İşin en vahim yanı, Tayyip Erdoğan’ın olayın üzerinden birkaç saat bile geçmeden ‘fail’i tespit etmiş olması ve bundan ötürü ‘paralel yapı’ adını verdiği Fethullah Gülen ve Cemaat’i işaret etmiş olması.

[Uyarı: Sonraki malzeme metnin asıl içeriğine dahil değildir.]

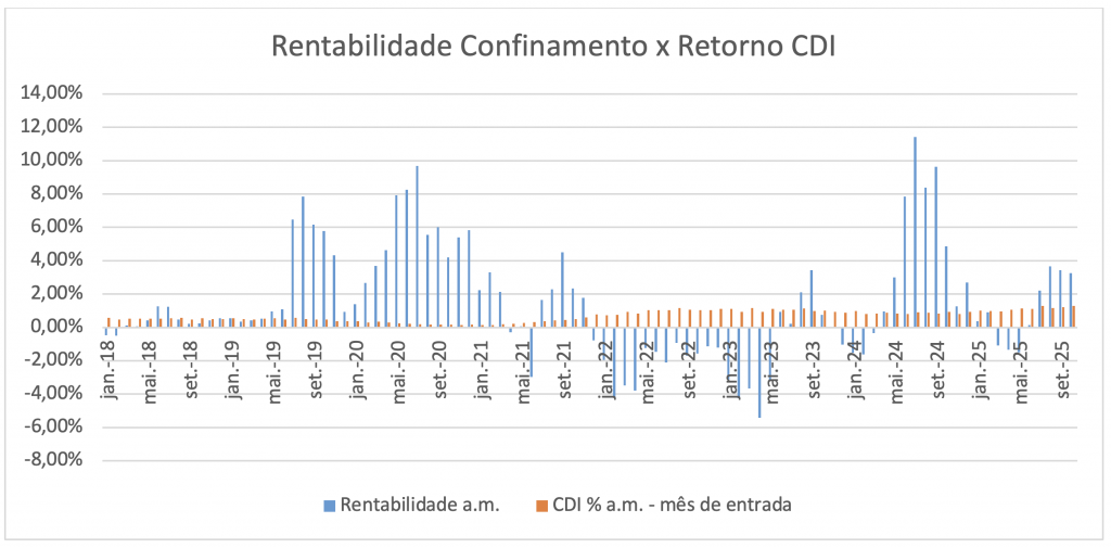 Nos últimos anos, a rentabilidade média oscilou de -17,7%, no ano de 2023, até mais de 46% no ano passado, mostrando, sim, uma alta volatilidade, explicada pelos preços dos insumos (grãos e boi magro) e, também, pelo valor de venda do boi gordo. Por sua vez, o retorno médio mensal do confinamento ao longo de 2018 a 2025 oscilou de -1,7% a 15,4%, trazendo um cenário interessante sob a ótica de investimentos.
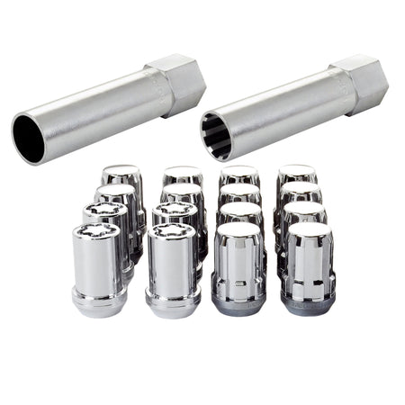 The convenient way to order Tuner wheel locks and lug nuts; contains all the wheel locks and lug nuts that you need to install 4 wheels and tires.; Why settle for ordinary lug nuts? SplineDrive Lug Nuts combine style and performance.; A no-compromise design engineered to fit small diameter recesses in Tuner style wheels.; SplineDrive lug nuts offer closed-end design, maximum gripping power, more stud engagement and a greater seating surface than socket style lug nuts.; In addition they are 30% lighter in weight.; Like all McGard lug nuts, the chrome plating is guaranteed for life not to rust, chip or peel.; The easy-to-use, one-piece wheel locks function like regular lug nuts, but require a special key tool for installation and removal.; The computer generated key designs allow for an infinite number of key patterns.; McGard manufactures wheel locks and lug nuts in the USA to meet or exceed O.E.M.; standards for safety and durability.; Every lug nut and wheel lock is fully machined from restricted chemistry steel made specifically for McGard and through-hardened for its unsurpassed level of safety.; For use on aluminum cone seat wheels only.; Clamshell Packaging.; This product may contain globally sourced materials/components.
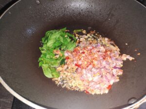 Heat oil in a pan and add curry leaves, crushed shallots and chilli flakes.
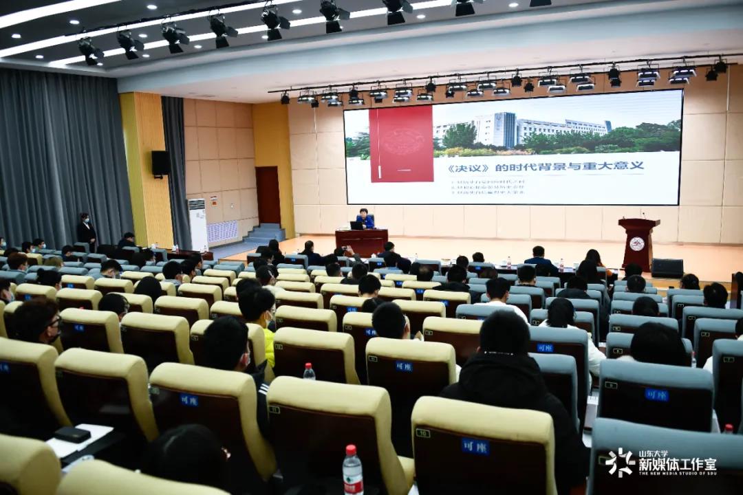 12月17日下午,山东大学校长樊丽明在兴隆山校区为师生代表作“深入学习宣传贯彻党的十九届六中全会精神”辅导报告,结合当前国家发展和学校办学实际,深入解读《中共中央关于党的百年奋斗重大成就和历史经验的决议》(以下简称《决议》)有关内容,全面阐释全会精神,鼓励全校上下从党的百年历史中汲取奋斗的智慧和力量。
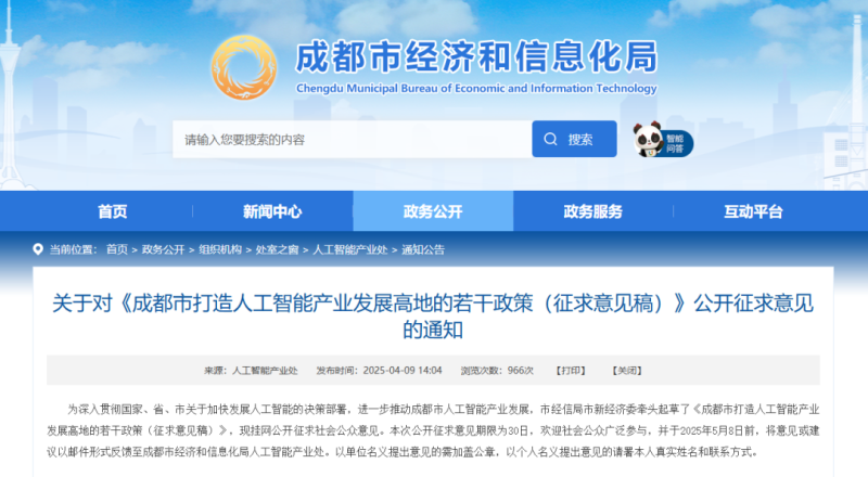 近日,成都市經(jīng)濟(jì)和信息化局發(fā)布《成都市打造人工智能產(chǎn)業(yè)發(fā)展高地的若干政策(征求意見稿)》(以下簡稱《政策》),并向社會公開征求意見?!墩摺窂淖鰪?qiáng)產(chǎn)業(yè)載體、拓展場景應(yīng)用、優(yōu)化算力供給、推動模型應(yīng)用、盤活數(shù)據(jù)資源、鼓勵企業(yè)上榜、支持品牌推廣、引育頂尖人才、強(qiáng)化金融支持九個方面入手,進(jìn)一步推動成都市人工智能產(chǎn)業(yè)發(fā)展,助推打造人工智能產(chǎn)業(yè)發(fā)展高地。

… Bu, son derece ciddiyetsiz bir durum. Türkiye devletini olduğundan da daha büyük zaaf içinde tüm dünyaya göstermeye yarayan bir davranış. Çünkü, devletin en üst düzey yetkililerinin Dışişleri Bakanı’nın makam odasında yaptıkları ‘mahrem içerikli’ bir toplantının dinlenilmiş olması gibi ilk planda hangi teknoloji ve elektronik usullerle bunun yapılabildiğinin çok ciddi bir araştırma sonucu ortaya çıkarılması ve bunun için ciddi bir süreye ihtiyaç gerekirken olayın tümüyle ‘Cemaat’ üzerine yüklenmesi yani ‘fail’in sözde belli olması, soruşturmaya ihtiyaç bırakmıyor. Zira, ne de olsa, bu yaklaşıma, bu zihniyete göre bu ‘casusluk olayı’nın ve ‘vatana ihanet’in faili belli olmuş bulunuyor.
Böyle bir ciddiyetsizliği ‘muz cumhuriyetleri’nden bile bekleyemezsiniz. Maalesef, Türkiye’de bu da söz konusu oldu. Bundan da önemlisi, devlet için çok büyük bir güvenlik zaafının, Tayyip Erdoğan ve bir kliğin, ‘siyasi hasım’ bildikleri için ‘cadı avı’ başlatmak için ‘araçsallaştırılması’dır. Yapılmak istenen budur.
Bunun işaretleri verilmiştir bile. 30 Mart sonrasında, 1800-2000 kişiyi kapsayacak ‘iddianameler’ hazırlanacağı ve ‘Suriye konulu ses kaydı’ konusunun bu amaçla kullanılacağı iddiaları ortada dolaşıyor veya dolaştırılıyor. Türkiye’de rejimin demokrasiden giderek uzaklaştığı ortada. Söz konusu ses kaydının, ‘anti-demokratik gidişat’tan bir yukarı evreye geçiş, yani ‘Mc Carthyist’ ve ‘faşizan’ bir ‘take-off’ olarak değerlendirilmeye çalışılması ihtimali belirmiştir.
Türkiye öyle bir ‘geçiş’e uygun bir ülke mi? Türkiye halkı öyle bir rejime ‘geçit’ verecek bir durumda mı?